Assignment
Every line of the records below from the line with "10月26日上午,我院于古榕" up to and including the line with "Mediante el modelo" must be reproduced exactly, and no line outside that range.

Information given
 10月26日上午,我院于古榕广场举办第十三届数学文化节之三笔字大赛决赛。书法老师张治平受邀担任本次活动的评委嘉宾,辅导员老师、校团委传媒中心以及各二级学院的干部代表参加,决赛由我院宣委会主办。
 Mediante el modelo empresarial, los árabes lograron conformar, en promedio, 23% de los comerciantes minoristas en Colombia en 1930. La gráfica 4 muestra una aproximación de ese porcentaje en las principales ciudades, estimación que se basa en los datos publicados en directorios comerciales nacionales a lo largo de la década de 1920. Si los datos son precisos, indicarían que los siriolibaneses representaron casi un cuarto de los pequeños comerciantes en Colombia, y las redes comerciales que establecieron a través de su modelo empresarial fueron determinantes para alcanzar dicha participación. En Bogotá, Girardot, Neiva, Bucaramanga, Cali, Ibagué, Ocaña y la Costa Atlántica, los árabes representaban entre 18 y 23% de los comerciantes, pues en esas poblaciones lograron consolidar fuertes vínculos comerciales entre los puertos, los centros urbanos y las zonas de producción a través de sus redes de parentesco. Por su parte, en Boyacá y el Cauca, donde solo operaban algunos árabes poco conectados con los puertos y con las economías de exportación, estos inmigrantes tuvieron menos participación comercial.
* * *
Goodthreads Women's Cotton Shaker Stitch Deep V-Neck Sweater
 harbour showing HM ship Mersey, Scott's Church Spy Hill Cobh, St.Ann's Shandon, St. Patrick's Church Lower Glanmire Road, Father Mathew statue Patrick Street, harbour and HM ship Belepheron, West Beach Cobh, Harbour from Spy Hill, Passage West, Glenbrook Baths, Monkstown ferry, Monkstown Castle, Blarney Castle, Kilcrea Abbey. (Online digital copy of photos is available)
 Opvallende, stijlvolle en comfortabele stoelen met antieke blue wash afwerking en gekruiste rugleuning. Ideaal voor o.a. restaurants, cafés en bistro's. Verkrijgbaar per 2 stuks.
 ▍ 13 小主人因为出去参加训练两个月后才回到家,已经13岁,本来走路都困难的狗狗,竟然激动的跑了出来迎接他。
...
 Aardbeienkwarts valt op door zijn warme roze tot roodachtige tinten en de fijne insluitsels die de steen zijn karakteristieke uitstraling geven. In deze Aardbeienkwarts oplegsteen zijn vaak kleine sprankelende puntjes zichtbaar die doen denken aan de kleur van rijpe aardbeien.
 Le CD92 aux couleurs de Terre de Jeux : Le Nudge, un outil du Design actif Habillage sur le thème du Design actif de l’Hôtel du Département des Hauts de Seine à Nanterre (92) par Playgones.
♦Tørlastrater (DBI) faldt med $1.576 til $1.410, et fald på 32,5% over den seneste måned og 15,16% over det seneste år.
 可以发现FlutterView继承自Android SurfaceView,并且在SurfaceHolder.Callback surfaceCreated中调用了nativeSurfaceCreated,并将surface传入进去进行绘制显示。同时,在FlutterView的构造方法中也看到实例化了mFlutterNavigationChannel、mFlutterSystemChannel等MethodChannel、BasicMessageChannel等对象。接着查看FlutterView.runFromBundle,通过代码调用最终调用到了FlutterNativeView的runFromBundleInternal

Answer box
 10月26日上午,我院于古榕广场举办第十三届数学文化节之三笔字大赛决赛。书法老师张治平受邀担任本次活动的评委嘉宾,辅导员老师、校团委传媒中心以及各二级学院的干部代表参加,决赛由我院宣委会主办。
 Mediante el modelo empresarial, los árabes lograron conformar, en promedio, 23% de los comerciantes minoristas en Colombia en 1930. La gráfica 4 muestra una aproximación de ese porcentaje en las principales ciudades, estimación que se basa en los datos publicados en directorios comerciales nacionales a lo largo de la década de 1920. Si los datos son precisos, indicarían que los siriolibaneses representaron casi un cuarto de los pequeños comerciantes en Colombia, y las redes comerciales que establecieron a través de su modelo empresarial fueron determinantes para alcanzar dicha participación. En Bogotá, Girardot, Neiva, Bucaramanga, Cali, Ibagué, Ocaña y la Costa Atlántica, los árabes representaban entre 18 y 23% de los comerciantes, pues en esas poblaciones lograron consolidar fuertes vínculos comerciales entre los puertos, los centros urbanos y las zonas de producción a través de sus redes de parentesco. Por su parte, en Boyacá y el Cauca, donde solo operaban algunos árabes poco conectados con los puertos y con las economías de exportación, estos inmigrantes tuvieron menos participación comercial.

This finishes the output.